Whenever I try to include the data points that are commented out, the output goes to extremely high positive and negative values in the hundreds of thousands. As soon as I try increasing the number of degrees from two to three, and including the next commented out data point, the output goes wild again. What causes this? Are my data points too similar to one another? Is the zero output in the first data point a problem?

Is there a way to test updates to the compensation, without restarting HA? For the filters that follow the compensation, I can use Filter Entities button in the YAML configuration reloading page. Is there something similar for the compensation integration?

Because a 2 degree polynomial is a parabola.

Try setting the number of degrees equal to the number of points minus one.

I have tried increasing to 7 degrees and using all 8 data points, and the output goes out of control. This is the compensation curve that I am trying to achieve (the green line).

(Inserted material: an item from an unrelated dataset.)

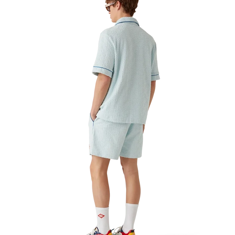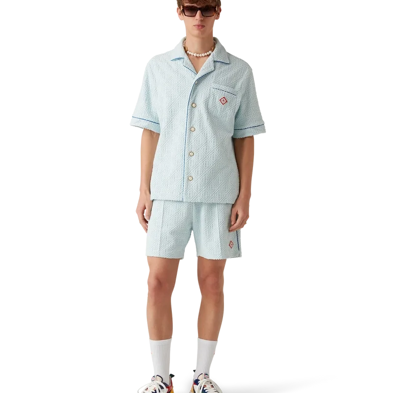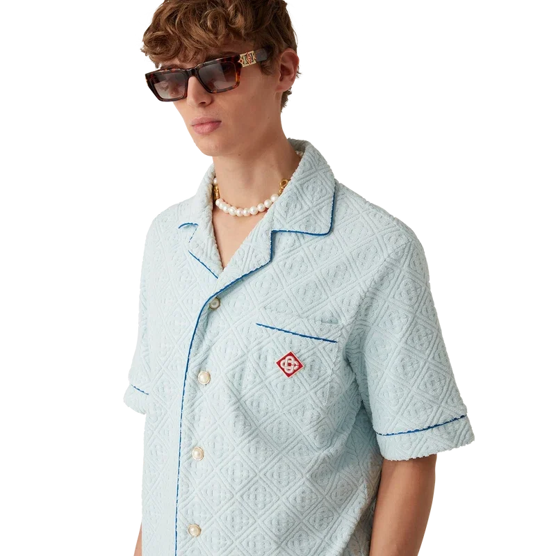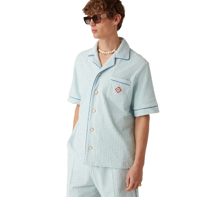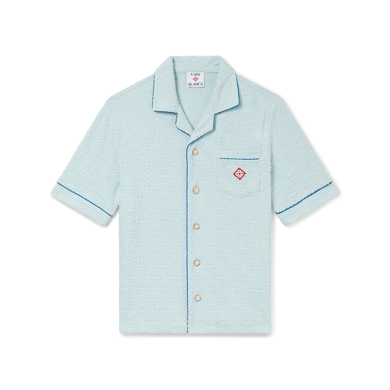Monogram-frottéskjorten er en kortærmet modell laget av et Monogram-frottéstoff i bomullsblanding og har husets karakteristiske diamantlogo. Den har brystlomme, kontrastpiping, gullkantede perleknapper og kubansk krage.

That green line is linear interpolation, this does not do that.

Can you give me the full list of datapoints that you have? I think - 3rd order will work but I’d need to play

This is all of the data that I have captured:
0.0095, 0
0.63, 530
0.49, 410
2.67, 2230
3.05, 2620
3.29, 2850
3.81, 3380
4.23, 3770
4.61, 4120
4.9, 4420
5.18, 4580
5.42, 5230
5.45, 5300
5.53, 4870
5.65, 5720
5.73, 6050
5.58, 5630
5.41, 5160
5.43, 5220
5.43, 5250
5.49, 5330
5.48, 5390
5.49, 5400
5.44, 5430
5.07, 4610
5.11, 4670
5.19, 4780
5.25, 4850
5.28, 4970
5.31, 5050
5.38, 5210
5.5, 5420
5.52, 5560
6.094, 8200

what’s the working range? 0 to 6?

Yes, 0 to about 6. It could be slightly higher or lower, but not much.